Italia. Diez años después de la muerte de David Bowie, el universo del músico británico vuelve a cobrar vida en Venecia a través de una experiencia inmersiva que reúne unas 800 fotografías de Denis O’Regan, el fotógrafo que acompañó al artista durante algunos de los períodos más importantes de su carrera. La instalación, titulada “Bowie: Unseen | Unheard”, forma parte de la sección Venice Immersive de la 83.ª edición del Festival Internacional de Cine de Venecia y permanecerá abierta hasta el 12 de septiembre.
La exposición parte de un archivo extraordinario: más de 10.000 fotografías de Bowie acumuladas por O’Regan durante años de trabajo junto al músico. La selección presentada en Venecia combina imágenes conocidas con fotografías poco vistas e incluso material que el propio fotógrafo había olvidado que conservaba. El resultado no busca simplemente reconstruir la trayectoria de una estrella, sino mostrar momentos que permiten observar al artista desde una perspectiva mucho más personal.

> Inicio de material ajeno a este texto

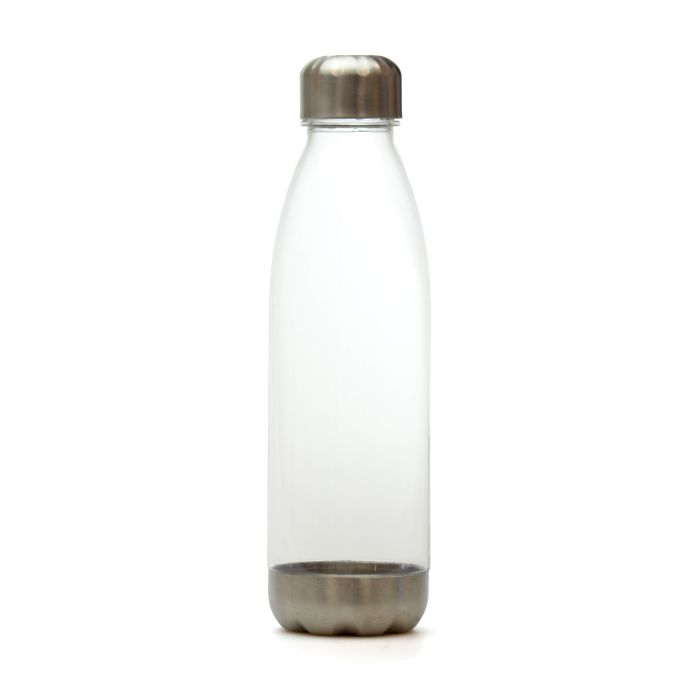 'Ashford Revive Recycled' TRANS 650ml plastic drinks bottle SILVER lid & base
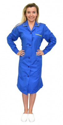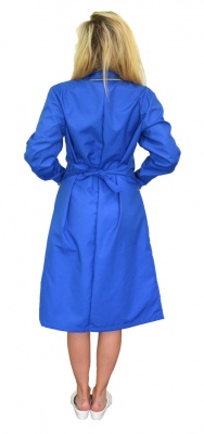Халат женский васильковый с центральной бортовой застежкой на 5 петель и пуговиц, отложным воротником выполненным из отделочной ткани с лацканом, рельефами на полочках и спинке, двумя боковыми накладными карманами с косым входом и одним верхним накладным карманом верхняя часть которых выполнена из отделочной ткани, рукава втачные с манжетами, застегивающимися на пуговицы. Спинка с хлястиком по линии талии.
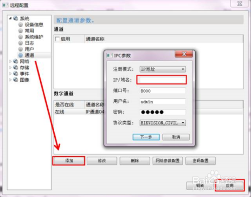按照“系统”——“通道”——“添加”,输入您需要添加的IPC的IP地址进行添加,设置完当作跋文得点击“应用”哦!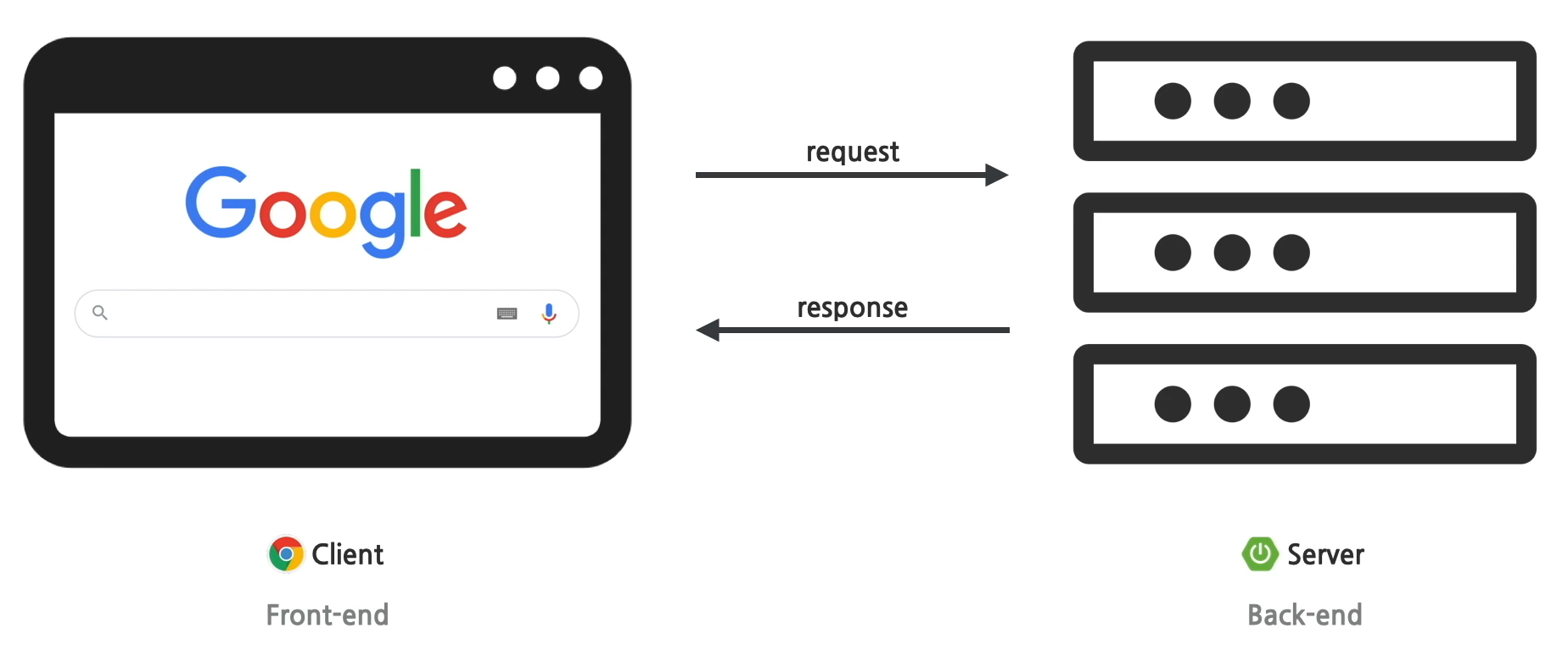웹 페이지는 클라이언트(프론트엔드)와 서버(백엔드)사이의 요청과 응답으로 동작한다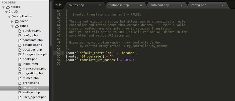 Yang terakhir, buka file routes.php. Iya, iya kamu bener. Itu masih di direktori application/config/ :D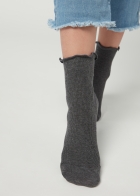 Короткие женские носки из хлопка в резинку. В ассортименте представлены модели с различными рисунками.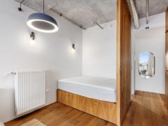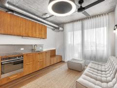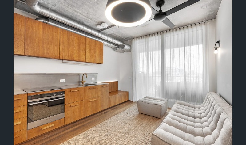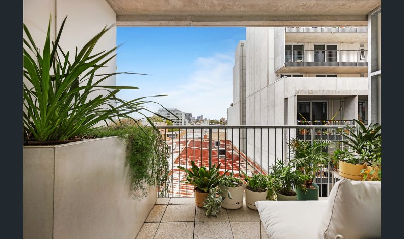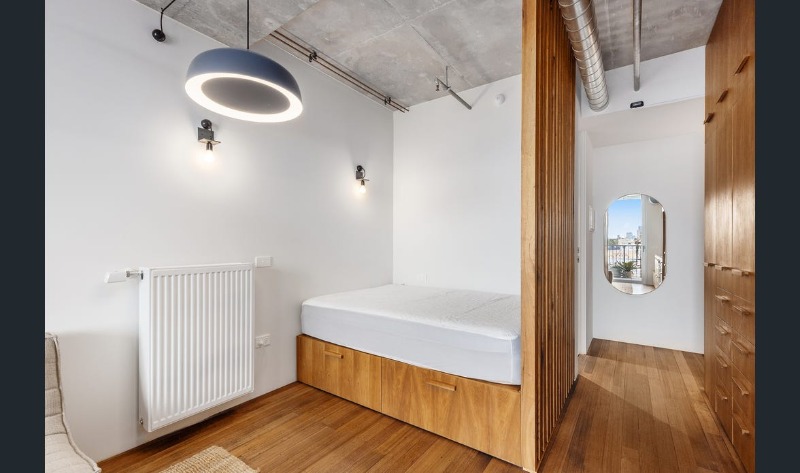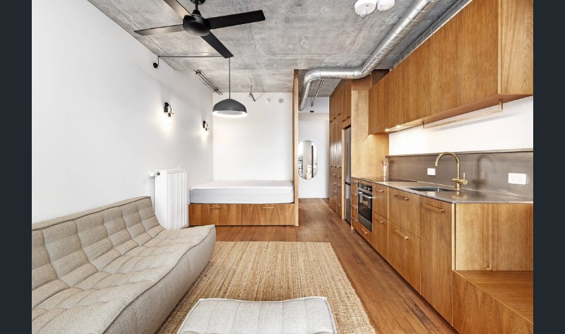 This apartment comprises timber floorboards, with wooden, concrete & tiled finishes, hydronic heating & double-glazed windows, ample pantry & underbed storage, designed with functional minimalism, artistry, community & environment in mind.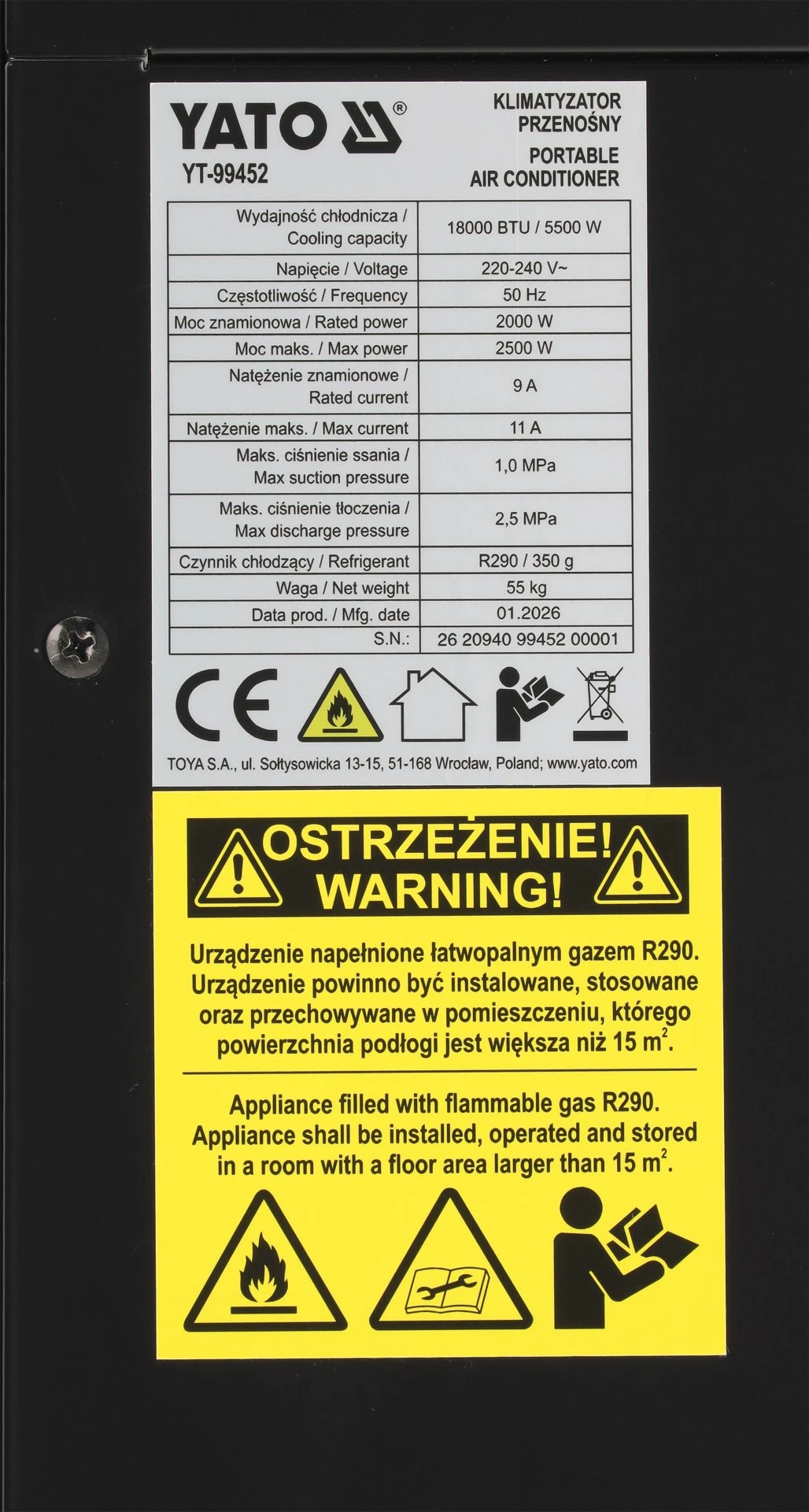 Klimatyzator punktowy przenośny 5,5 kW Yato YT-99452

O’Regan comenzó como fotógrafo autodidacta a finales de la década de 1970, documentando la escena punk de Londres. Su relación con Bowie comenzó de manera decisiva en 1983, cuando fue contratado como fotógrafo oficial de la gira Serious Moonlight. La instrucción que recibió fue sencilla: fotografiarlo todo. Esa libertad terminó convirtiéndose en una relación profesional excepcional que se prolongó durante las giras de 1987 y 1990, con alrededor de 200 conciertos documentados.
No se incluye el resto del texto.